Tony continues with his account of his life: education in Bristol, his wooing of and short-lived relationship with girlfriend Veronica; and then, in brisk, economical paragraphs, his marriage, job in “arts administration”, children, divorce, and retirement. In sum, “some achievements and some disappointments”.

This is when, pulling off an audacious structural move, Barnes segues into another section, dealing with the narrator’s days in the evening of his life. Circumstances bring him together again with Veronica, who had taken up with Adrian after their break-up, and he’s compelled to examine and re-examine his past assumptions, step by step.

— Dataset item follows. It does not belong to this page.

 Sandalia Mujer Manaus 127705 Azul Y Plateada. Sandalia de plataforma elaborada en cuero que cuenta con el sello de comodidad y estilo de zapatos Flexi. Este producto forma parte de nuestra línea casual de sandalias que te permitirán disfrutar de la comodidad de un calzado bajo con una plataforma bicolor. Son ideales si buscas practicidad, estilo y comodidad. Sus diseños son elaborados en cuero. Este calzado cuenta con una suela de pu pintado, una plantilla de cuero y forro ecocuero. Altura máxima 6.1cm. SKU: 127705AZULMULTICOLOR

He now has to make sense of an almost Wittgensteinian fragment from Adrian’s diary, as well as mull over his interactions with the older Veronica, to solve a mystery springing from his past. As she tells him more than once, he is someone who just “doesn’t get it.”

Tony’s self-deluded, emotionally repressed ways bring to mind other fictional characters with the same traits, notably John Dowell from Ford Maddox Ford’s The Good Soldier, as well as Stevens from Ishiguro’s The Remains of the Day. It's also not by coincidence that one of the characters is portrayed as reading a work by Viennese author Stefan Zweig, for this, too, is a book about a person who obsesses over yesterday’s actions and omissions, often rewriting events in his mind.

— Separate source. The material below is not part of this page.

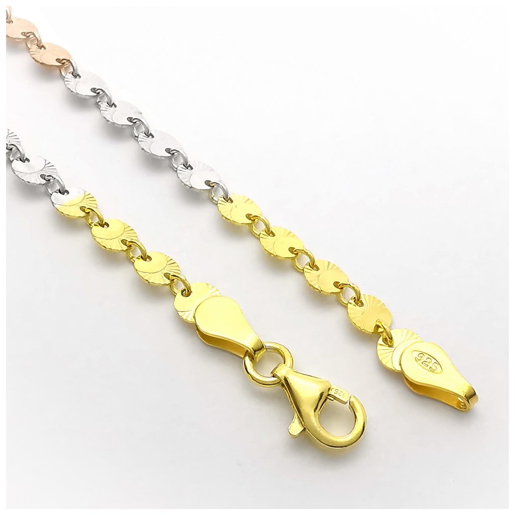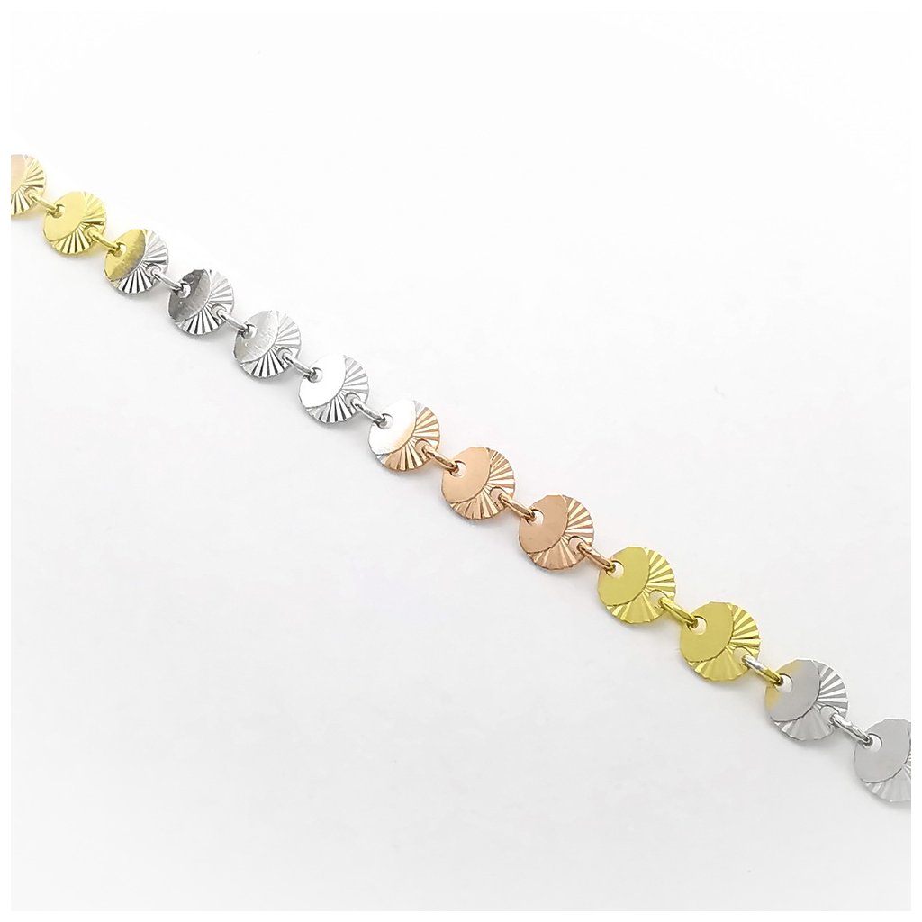 Dámsky kombinovaný strieborný náramok - tvoria ho platničky. Platničky sú v tvare kruhu s priemerom 4,00 mm a sú mierne gravírované. Zapínanie je na krabinku. Tento model má žlto-ružovú povrchovú úpravu spolu s rodiom.

There’s an aphoristic, crafted quality to much of the book. At one point, for example, the narrator quotes Adrian in a phrase reflective of its theme: “History is that certainty produced at the point where the imperfections of memory meet the inadequacies of documentation”.  Elsewhere, in a passage reminiscent of Nothing to be Frightened of, Barnes’ earlier non-fiction deliberation on death and dying, Tony says, “…the longer life goes on, the fewer are those to challenge our account, to remind us that our life is not our life, merely the story we have told about our life”.

At barely 150 pages, The Sense of an Ending is a resonant reminder that one can be succinct, not sprawling, when it comes to creating a compelling fictional world. As a tightly wound meditation on the unreliability of memory and the ways in which we mislead ourselves, Barnes’ work shows that in the right hands, brevity is still a virtue.